Segment Start: DATA FOR REVIEW

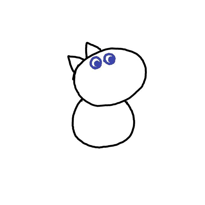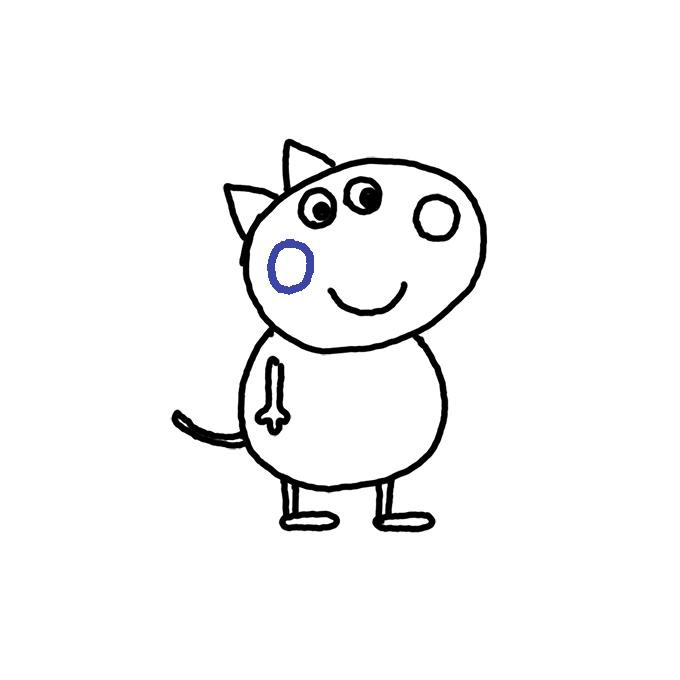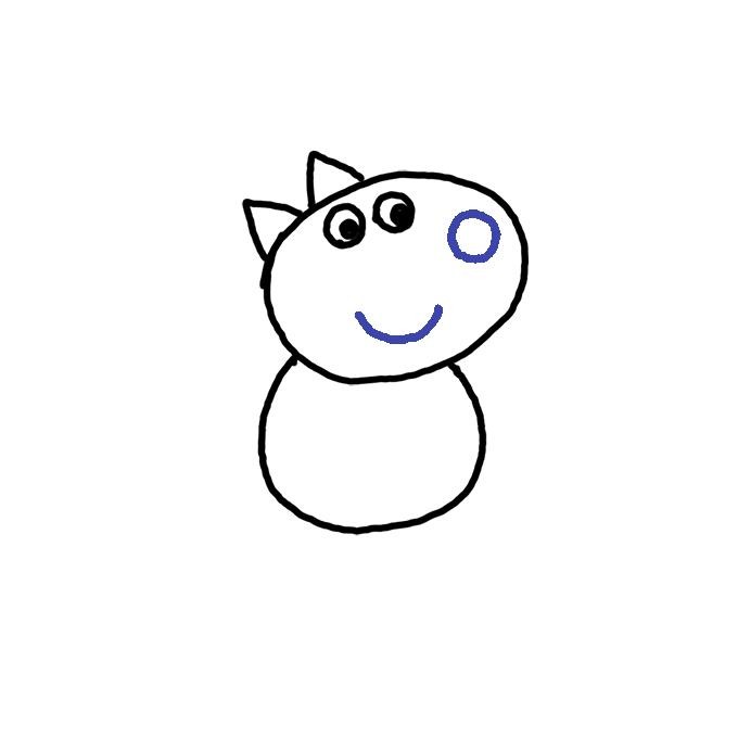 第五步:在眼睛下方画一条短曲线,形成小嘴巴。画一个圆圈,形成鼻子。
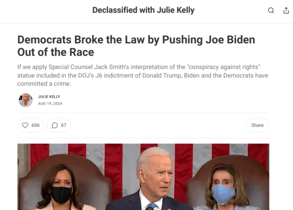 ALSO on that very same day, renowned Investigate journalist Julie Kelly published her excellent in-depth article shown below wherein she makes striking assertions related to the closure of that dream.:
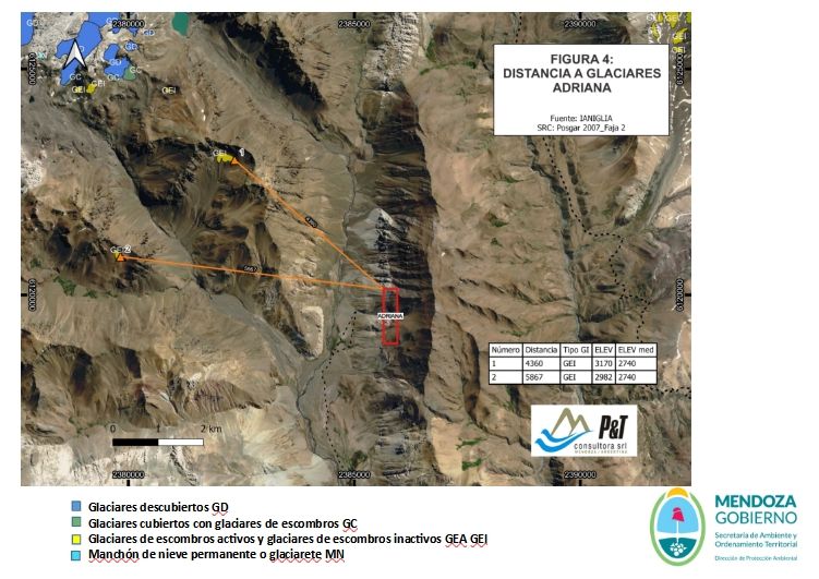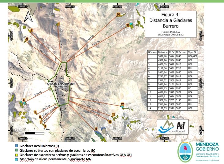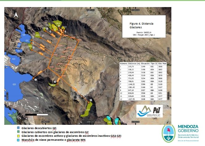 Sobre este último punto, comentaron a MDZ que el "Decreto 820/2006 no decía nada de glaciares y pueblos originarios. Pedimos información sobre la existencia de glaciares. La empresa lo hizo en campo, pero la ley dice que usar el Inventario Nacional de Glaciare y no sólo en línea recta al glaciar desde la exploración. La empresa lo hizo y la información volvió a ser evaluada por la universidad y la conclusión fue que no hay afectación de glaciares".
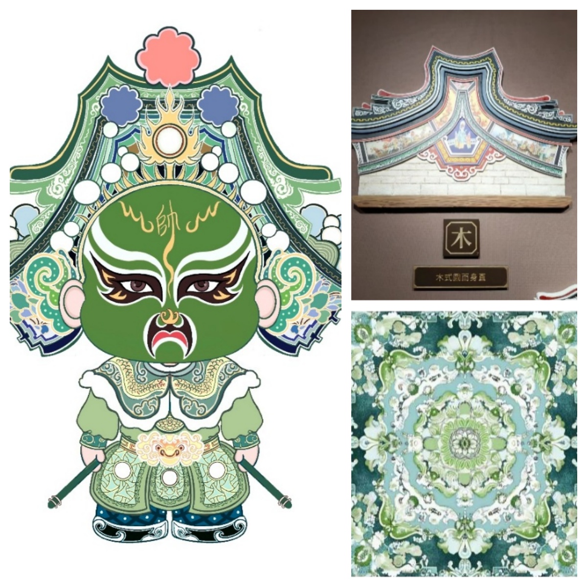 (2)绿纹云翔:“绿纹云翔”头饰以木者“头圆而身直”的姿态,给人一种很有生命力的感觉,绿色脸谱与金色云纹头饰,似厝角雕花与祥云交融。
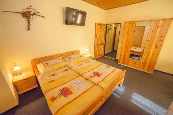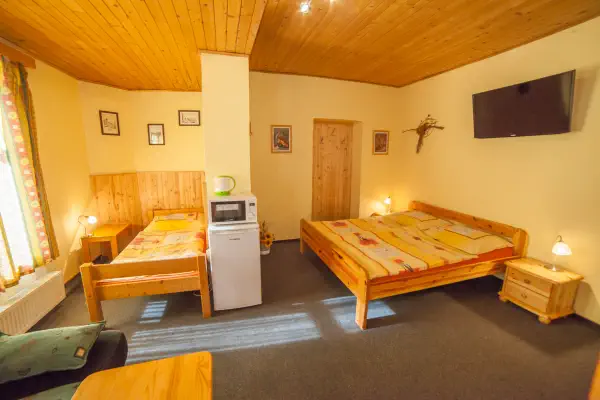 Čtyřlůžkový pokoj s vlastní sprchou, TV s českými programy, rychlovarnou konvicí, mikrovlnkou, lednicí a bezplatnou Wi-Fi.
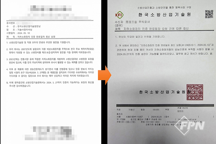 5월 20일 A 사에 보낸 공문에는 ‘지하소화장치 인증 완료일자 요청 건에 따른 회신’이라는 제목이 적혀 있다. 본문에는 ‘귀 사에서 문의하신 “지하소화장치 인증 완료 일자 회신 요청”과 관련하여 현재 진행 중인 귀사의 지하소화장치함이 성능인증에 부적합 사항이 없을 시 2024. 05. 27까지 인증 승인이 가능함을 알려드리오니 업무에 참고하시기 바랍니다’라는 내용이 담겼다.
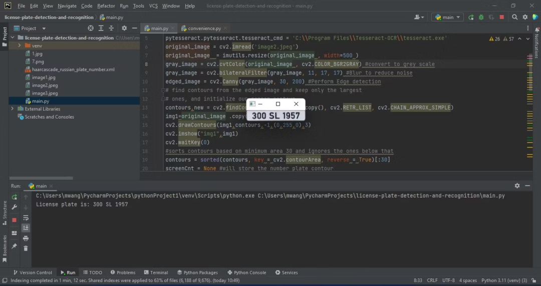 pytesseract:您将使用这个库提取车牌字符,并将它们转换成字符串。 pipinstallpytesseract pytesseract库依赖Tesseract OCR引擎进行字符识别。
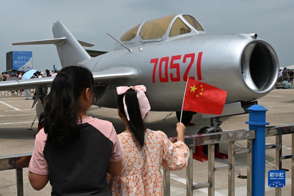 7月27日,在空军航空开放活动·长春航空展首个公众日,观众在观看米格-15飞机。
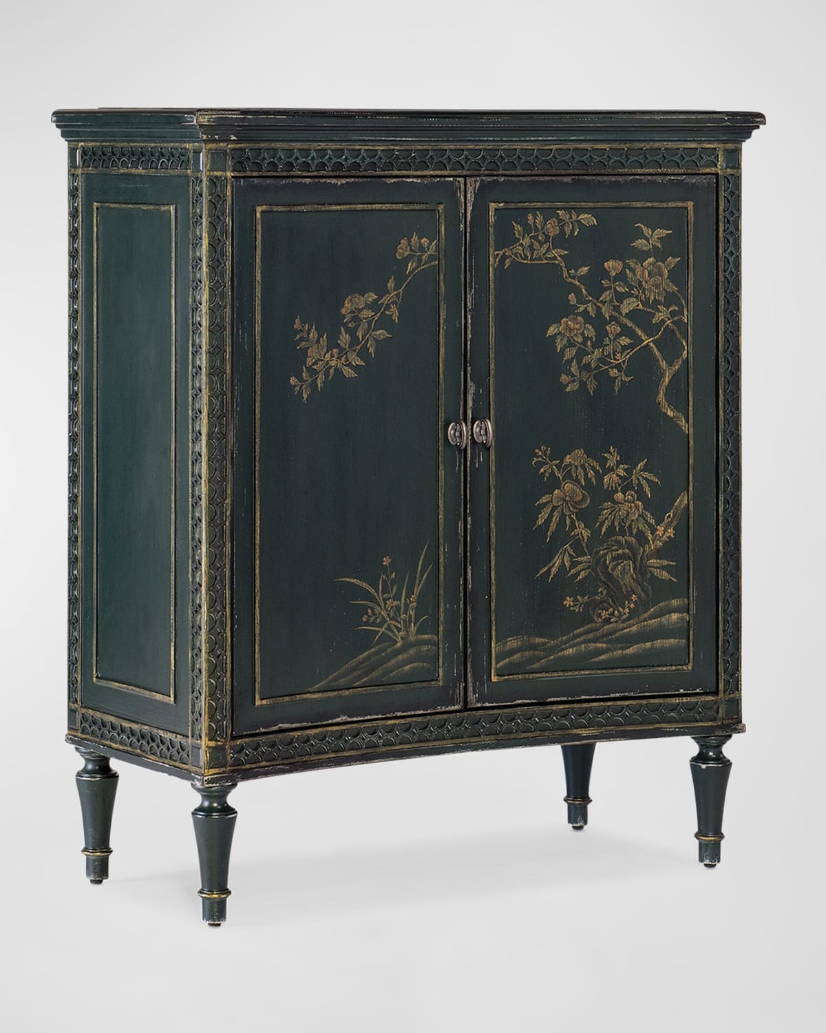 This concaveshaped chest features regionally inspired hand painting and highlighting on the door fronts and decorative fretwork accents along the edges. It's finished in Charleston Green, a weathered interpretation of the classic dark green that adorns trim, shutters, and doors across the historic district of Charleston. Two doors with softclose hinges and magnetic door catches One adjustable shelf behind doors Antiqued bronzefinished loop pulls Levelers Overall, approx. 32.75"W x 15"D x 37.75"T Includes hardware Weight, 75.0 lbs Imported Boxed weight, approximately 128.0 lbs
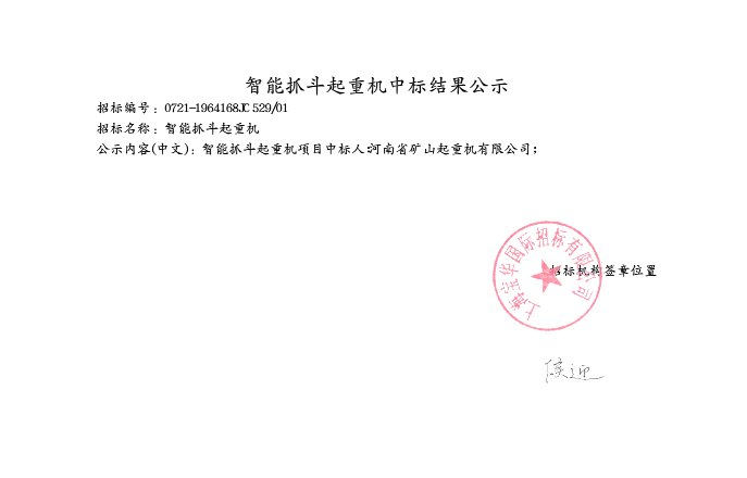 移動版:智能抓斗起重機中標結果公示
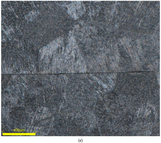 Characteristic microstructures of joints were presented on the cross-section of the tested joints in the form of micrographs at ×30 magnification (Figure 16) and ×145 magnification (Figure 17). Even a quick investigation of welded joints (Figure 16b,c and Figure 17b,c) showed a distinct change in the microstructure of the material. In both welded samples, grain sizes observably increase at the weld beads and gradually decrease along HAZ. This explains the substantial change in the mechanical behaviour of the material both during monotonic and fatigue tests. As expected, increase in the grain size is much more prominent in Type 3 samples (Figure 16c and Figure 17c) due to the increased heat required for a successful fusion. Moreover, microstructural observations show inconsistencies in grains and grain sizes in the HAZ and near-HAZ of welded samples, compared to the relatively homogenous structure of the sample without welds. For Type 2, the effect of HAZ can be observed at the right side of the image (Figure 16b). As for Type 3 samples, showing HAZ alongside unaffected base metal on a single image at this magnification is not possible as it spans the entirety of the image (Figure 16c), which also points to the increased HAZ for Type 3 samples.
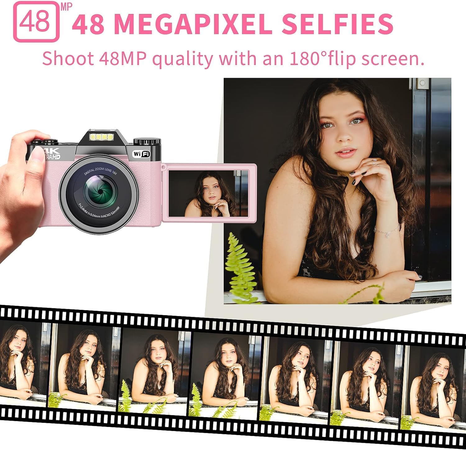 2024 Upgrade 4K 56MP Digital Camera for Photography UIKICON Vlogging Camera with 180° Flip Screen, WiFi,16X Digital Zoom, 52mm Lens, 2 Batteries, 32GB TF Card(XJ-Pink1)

Segment End: DATA FOR REVIEW

EXERCISE OBJECTIVE — Reproduce every entry word for word, but skip any pictures.

WORKED SOLUTION —
 第五步:在眼睛下方画一条短曲线,形成小嘴巴。画一个圆圈,形成鼻子。
 ALSO on that very same day, renowned Investigate journalist Julie Kelly published her excellent in-depth article shown below wherein she makes striking assertions related to the closure of that dream.:
 Sobre este último punto, comentaron a MDZ que el "Decreto 820/2006 no decía nada de glaciares y pueblos originarios. Pedimos información sobre la existencia de glaciares. La empresa lo hizo en campo, pero la ley dice que usar el Inventario Nacional de Glaciare y no sólo en línea recta al glaciar desde la exploración. La empresa lo hizo y la información volvió a ser evaluada por la universidad y la conclusión fue que no hay afectación de glaciares".
 (2)绿纹云翔:“绿纹云翔”头饰以木者“头圆而身直”的姿态,给人一种很有生命力的感觉,绿色脸谱与金色云纹头饰,似厝角雕花与祥云交融。
 Čtyřlůžkový pokoj s vlastní sprchou, TV s českými programy, rychlovarnou konvicí, mikrovlnkou, lednicí a bezplatnou Wi-Fi.
 5월 20일 A 사에 보낸 공문에는 ‘지하소화장치 인증 완료일자 요청 건에 따른 회신’이라는 제목이 적혀 있다. 본문에는 ‘귀 사에서 문의하신 “지하소화장치 인증 완료 일자 회신 요청”과 관련하여 현재 진행 중인 귀사의 지하소화장치함이 성능인증에 부적합 사항이 없을 시 2024. 05. 27까지 인증 승인이 가능함을 알려드리오니 업무에 참고하시기 바랍니다’라는 내용이 담겼다.
 pytesseract:您将使用这个库提取车牌字符,并将它们转换成字符串。 pipinstallpytesseract pytesseract库依赖Tesseract OCR引擎进行字符识别。
 7月27日,在空军航空开放活动·长春航空展首个公众日,观众在观看米格-15飞机。
 This concaveshaped chest features regionally inspired hand painting and highlighting on the door fronts and decorative fretwork accents along the edges. It's finished in Charleston Green, a weathered interpretation of the classic dark green that adorns trim, shutters, and doors across the historic district of Charleston. Two doors with softclose hinges and magnetic door catches One adjustable shelf behind doors Antiqued bronzefinished loop pulls Levelers Overall, approx. 32.75"W x 15"D x 37.75"T Includes hardware Weight, 75.0 lbs Imported Boxed weight, approximately 128.0 lbs
 移動版:智能抓斗起重機中標結果公示
 Characteristic microstructures of joints were presented on the cross-section of the tested joints in the form of micrographs at ×30 magnification (Figure 16) and ×145 magnification (Figure 17). Even a quick investigation of welded joints (Figure 16b,c and Figure 17b,c) showed a distinct change in the microstructure of the material. In both welded samples, grain sizes observably increase at the weld beads and gradually decrease along HAZ. This explains the substantial change in the mechanical behaviour of the material both during monotonic and fatigue tests. As expected, increase in the grain size is much more prominent in Type 3 samples (Figure 16c and Figure 17c) due to the increased heat required for a successful fusion. Moreover, microstructural observations show inconsistencies in grains and grain sizes in the HAZ and near-HAZ of welded samples, compared to the relatively homogenous structure of the sample without welds. For Type 2, the effect of HAZ can be observed at the right side of the image (Figure 16b). As for Type 3 samples, showing HAZ alongside unaffected base metal on a single image at this magnification is not possible as it spans the entirety of the image (Figure 16c), which also points to the increased HAZ for Type 3 samples.
 2024 Upgrade 4K 56MP Digital Camera for Photography UIKICON Vlogging Camera with 180° Flip Screen, WiFi,16X Digital Zoom, 52mm Lens, 2 Batteries, 32GB TF Card(XJ-Pink1)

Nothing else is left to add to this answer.